ABOUT THIS TASK — For this exercise, retype the lines from the one that holds "- From the Language" through the one that holds "Deze hazelnoot chocoladepasta" in the records below, both included, exactly and without pictures.

SUPPLIED RECORDS —
====
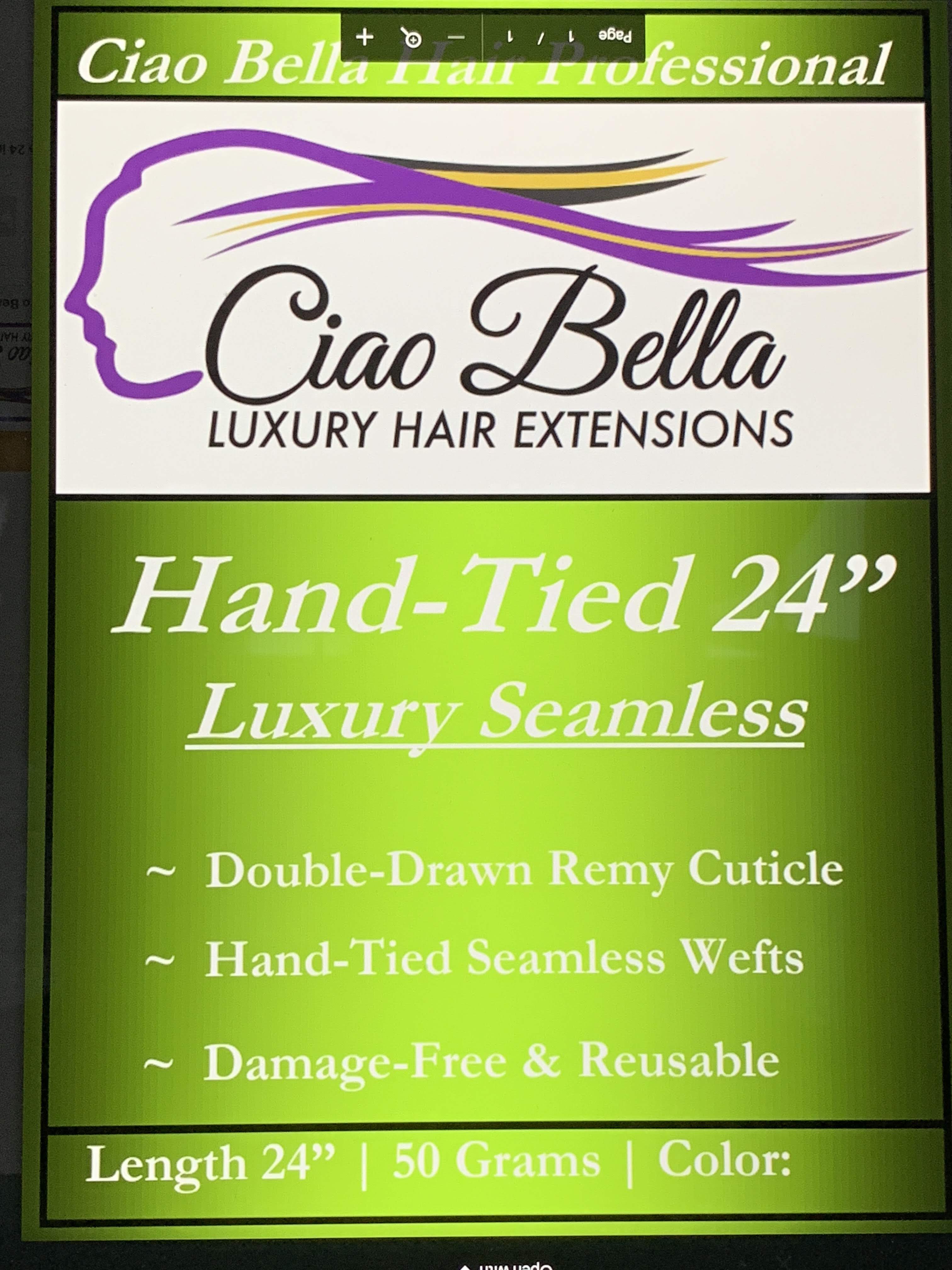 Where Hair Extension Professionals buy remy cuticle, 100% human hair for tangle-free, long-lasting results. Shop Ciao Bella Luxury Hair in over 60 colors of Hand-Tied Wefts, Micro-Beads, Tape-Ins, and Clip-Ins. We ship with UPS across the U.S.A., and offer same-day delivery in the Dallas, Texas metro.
====
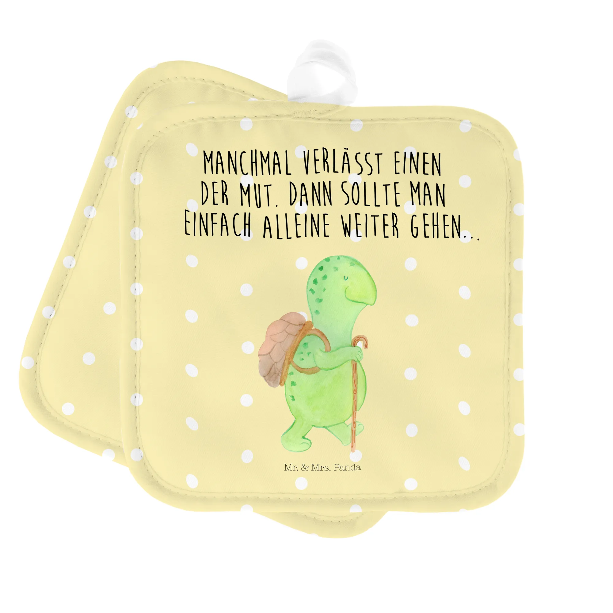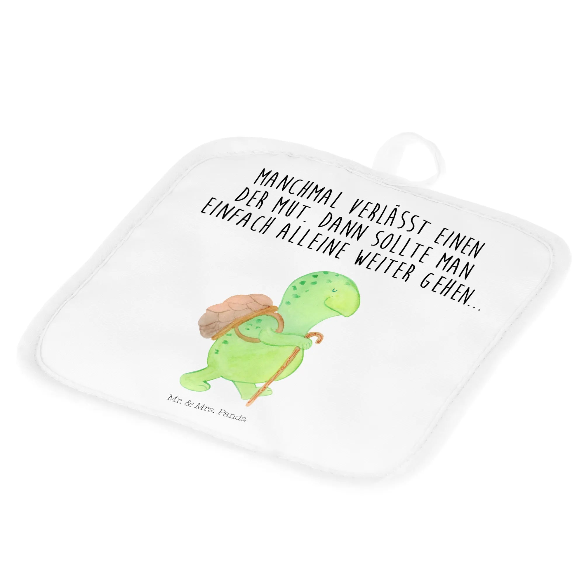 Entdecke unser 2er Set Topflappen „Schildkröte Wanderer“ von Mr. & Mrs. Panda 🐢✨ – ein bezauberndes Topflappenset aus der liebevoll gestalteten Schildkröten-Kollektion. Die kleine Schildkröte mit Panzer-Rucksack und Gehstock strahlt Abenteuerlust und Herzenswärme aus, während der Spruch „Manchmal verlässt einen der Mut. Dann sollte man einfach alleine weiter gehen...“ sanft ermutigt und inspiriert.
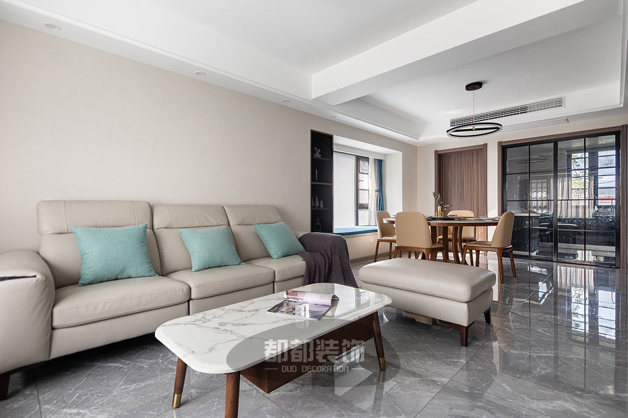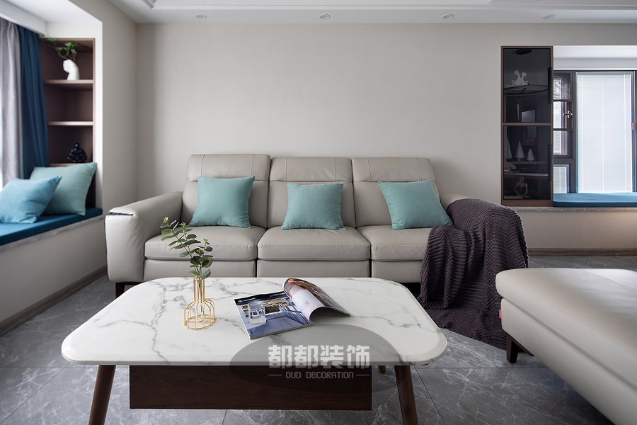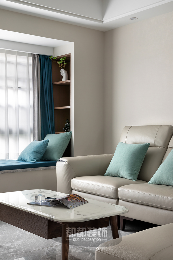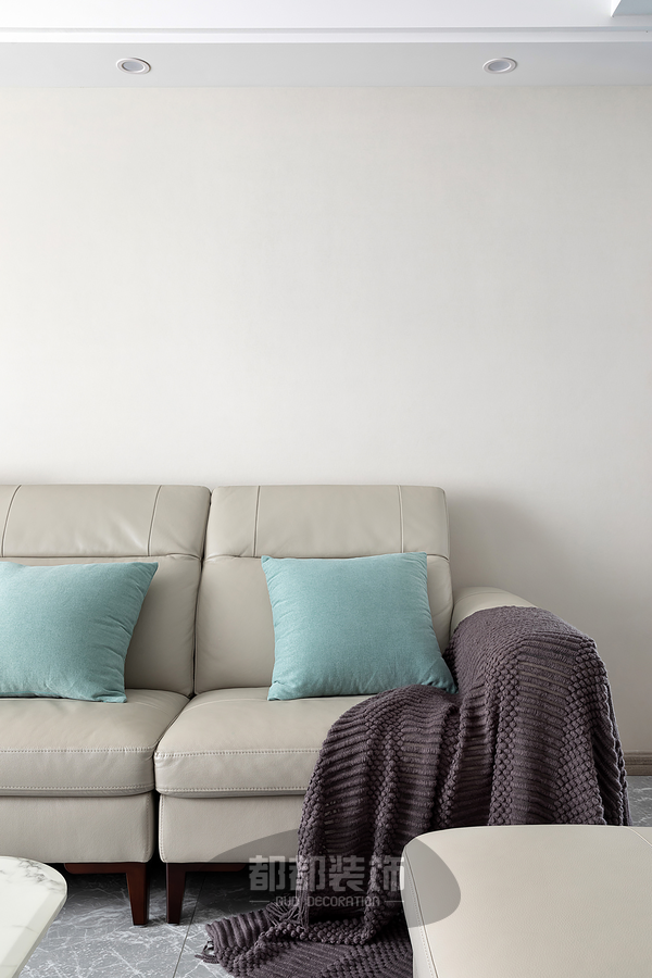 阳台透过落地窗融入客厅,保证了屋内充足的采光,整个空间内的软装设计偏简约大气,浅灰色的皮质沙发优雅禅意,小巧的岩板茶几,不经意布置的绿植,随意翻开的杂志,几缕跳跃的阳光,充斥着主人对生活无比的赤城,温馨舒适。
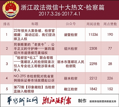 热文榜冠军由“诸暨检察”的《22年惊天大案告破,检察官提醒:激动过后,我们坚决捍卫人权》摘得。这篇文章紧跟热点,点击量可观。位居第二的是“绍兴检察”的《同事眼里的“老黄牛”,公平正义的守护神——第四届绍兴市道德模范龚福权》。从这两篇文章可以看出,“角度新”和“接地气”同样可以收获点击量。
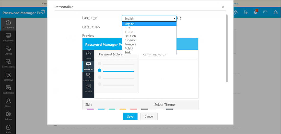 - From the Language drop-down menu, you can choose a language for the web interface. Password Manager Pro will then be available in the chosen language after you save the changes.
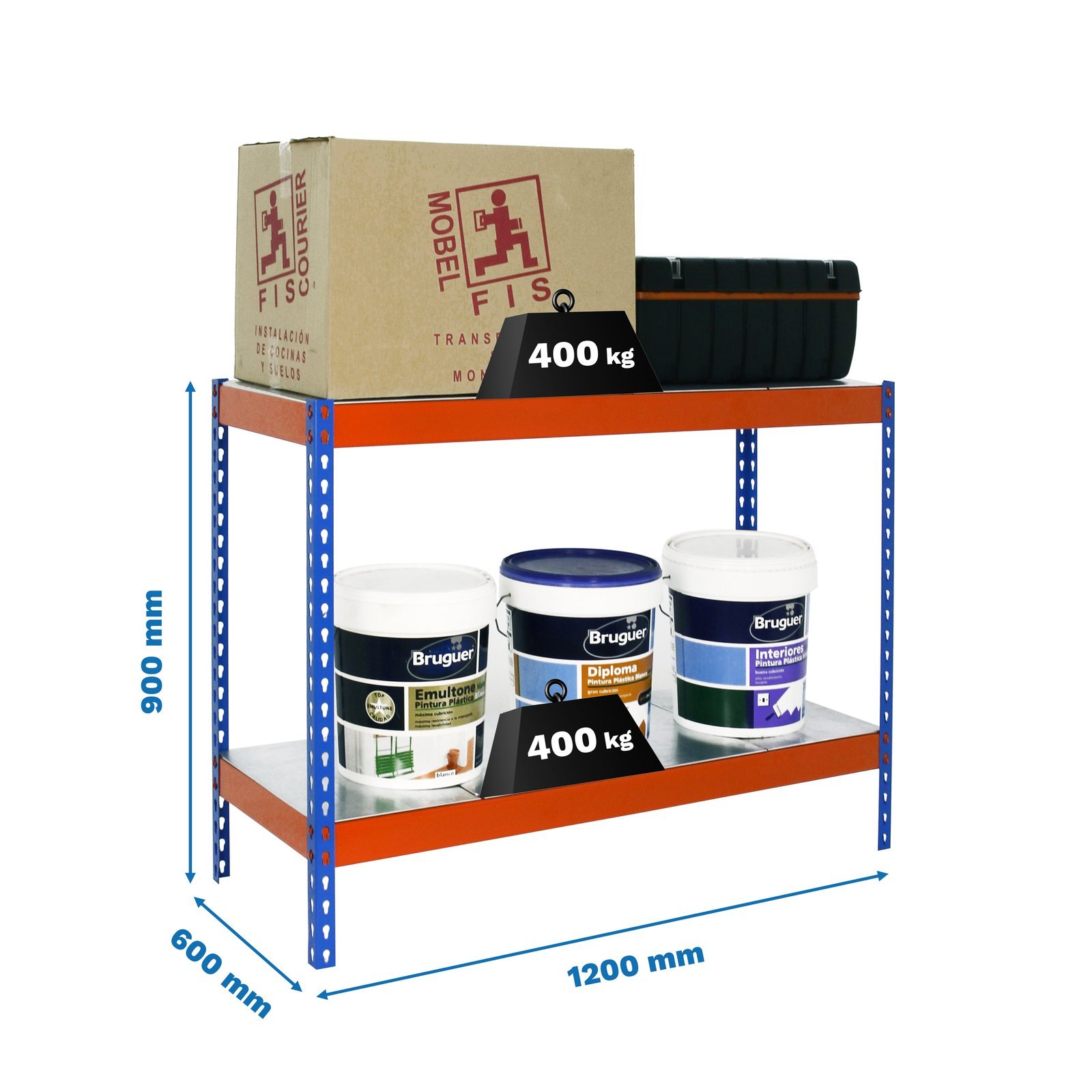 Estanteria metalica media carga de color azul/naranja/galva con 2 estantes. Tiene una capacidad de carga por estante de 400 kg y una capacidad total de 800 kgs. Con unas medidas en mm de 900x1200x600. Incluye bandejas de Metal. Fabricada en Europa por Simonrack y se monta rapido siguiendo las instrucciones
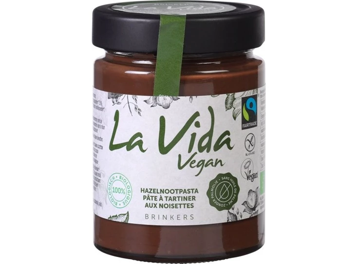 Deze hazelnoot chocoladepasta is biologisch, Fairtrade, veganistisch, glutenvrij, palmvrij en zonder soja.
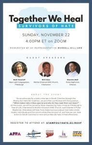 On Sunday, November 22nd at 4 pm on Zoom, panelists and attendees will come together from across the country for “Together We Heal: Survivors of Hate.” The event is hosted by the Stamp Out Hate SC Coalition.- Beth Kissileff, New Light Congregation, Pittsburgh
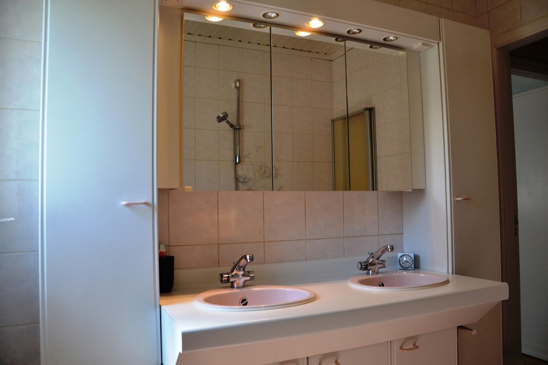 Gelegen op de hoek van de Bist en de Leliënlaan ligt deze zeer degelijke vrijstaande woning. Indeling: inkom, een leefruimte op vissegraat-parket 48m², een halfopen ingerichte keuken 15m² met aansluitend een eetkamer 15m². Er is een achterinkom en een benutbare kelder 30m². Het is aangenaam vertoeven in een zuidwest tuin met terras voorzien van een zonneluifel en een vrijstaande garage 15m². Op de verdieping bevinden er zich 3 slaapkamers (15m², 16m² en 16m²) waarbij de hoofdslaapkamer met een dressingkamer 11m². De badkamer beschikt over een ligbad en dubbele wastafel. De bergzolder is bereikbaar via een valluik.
====
SOLUTION TO THIS EXERCISE —
 - From the Language drop-down menu, you can choose a language for the web interface. Password Manager Pro will then be available in the chosen language after you save the changes.
 Estanteria metalica media carga de color azul/naranja/galva con 2 estantes. Tiene una capacidad de carga por estante de 400 kg y una capacidad total de 800 kgs. Con unas medidas en mm de 900x1200x600. Incluye bandejas de Metal. Fabricada en Europa por Simonrack y se monta rapido siguiendo las instrucciones
 Deze hazelnoot chocoladepasta is biologisch, Fairtrade, veganistisch, glutenvrij, palmvrij en zonder soja.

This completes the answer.